GIVEN MATERIAL Start Marker

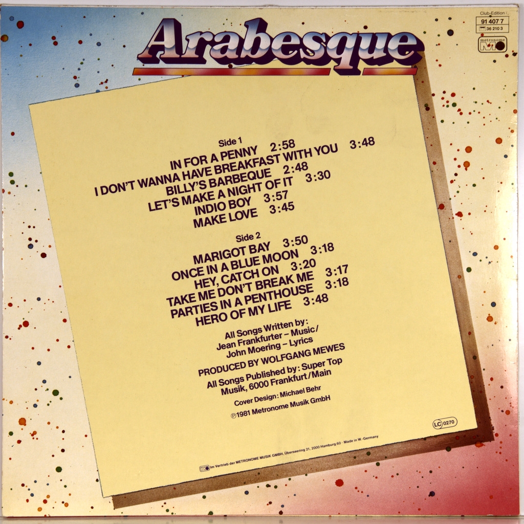 Lot 270ARABESQUE-ARABESQUE-1981-FIRST PRESS GERMANY-METRONOME-NMINT/NMINT
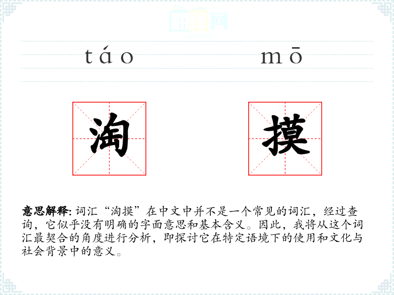 由于“淘摸”不是一个标准的汉语词汇,我们无法提供一个确切的基本定义。
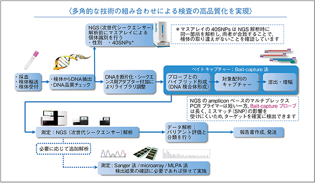コニカミノルタは,2017年に米国大手の遺伝子検査企業であるAmbry Genetics corporation(以下,Ambry)をグループに迎え,本邦においても2019年より遺伝子検査サービスの提供を開始したところである。Ambryは1999年米国にて創業し,最先端の遺伝子診断解析技術を持ち,世界で初めて診断を目的としたエクソーム解析試験をはじめ,数多くの“1st in class”の検査を提供してきた(図1)。また,豊富な実績や多様な検査項目,高い検査処理能力,遺伝カウンセラーチャネルでの強さを背景に,成長著しいがん領域を中心とした米国の遺伝子検査市場におけるリーダー的存在である。さらなる品質向上のために設計された新たなラボプロセスの実装(図2)や,数多くの研究および共同研究への継続的な参加により,可能なかぎり正確で有益な臨床的評価が行えるよう日々向上を図っている。また,未知の重要な病的バリアント(病的変化)が検出可能で,病的意義不明なバリアント(VUS)を減少させる,より正確な解析結果をもたらすRNAの同時検査サービス(+RNAinsight)も,米国にて2019年より開始した。

GIVEN MATERIAL End Marker

* YOUR TASK *
Could you retype the whole listing word for word, minus its pictures?

* EXERCISE OUTPUT *
 Lot 270ARABESQUE-ARABESQUE-1981-FIRST PRESS GERMANY-METRONOME-NMINT/NMINT
 由于“淘摸”不是一个标准的汉语词汇,我们无法提供一个确切的基本定义。
コニカミノルタは,2017年に米国大手の遺伝子検査企業であるAmbry Genetics corporation(以下,Ambry)をグループに迎え,本邦においても2019年より遺伝子検査サービスの提供を開始したところである。Ambryは1999年米国にて創業し,最先端の遺伝子診断解析技術を持ち,世界で初めて診断を目的としたエクソーム解析試験をはじめ,数多くの“1st in class”の検査を提供してきた(図1)。また,豊富な実績や多様な検査項目,高い検査処理能力,遺伝カウンセラーチャネルでの強さを背景に,成長著しいがん領域を中心とした米国の遺伝子検査市場におけるリーダー的存在である。さらなる品質向上のために設計された新たなラボプロセスの実装(図2)や,数多くの研究および共同研究への継続的な参加により,可能なかぎり正確で有益な臨床的評価が行えるよう日々向上を図っている。また,未知の重要な病的バリアント(病的変化)が検出可能で,病的意義不明なバリアント(VUS)を減少させる,より正確な解析結果をもたらすRNAの同時検査サービス(+RNAinsight)も,米国にて2019年より開始した。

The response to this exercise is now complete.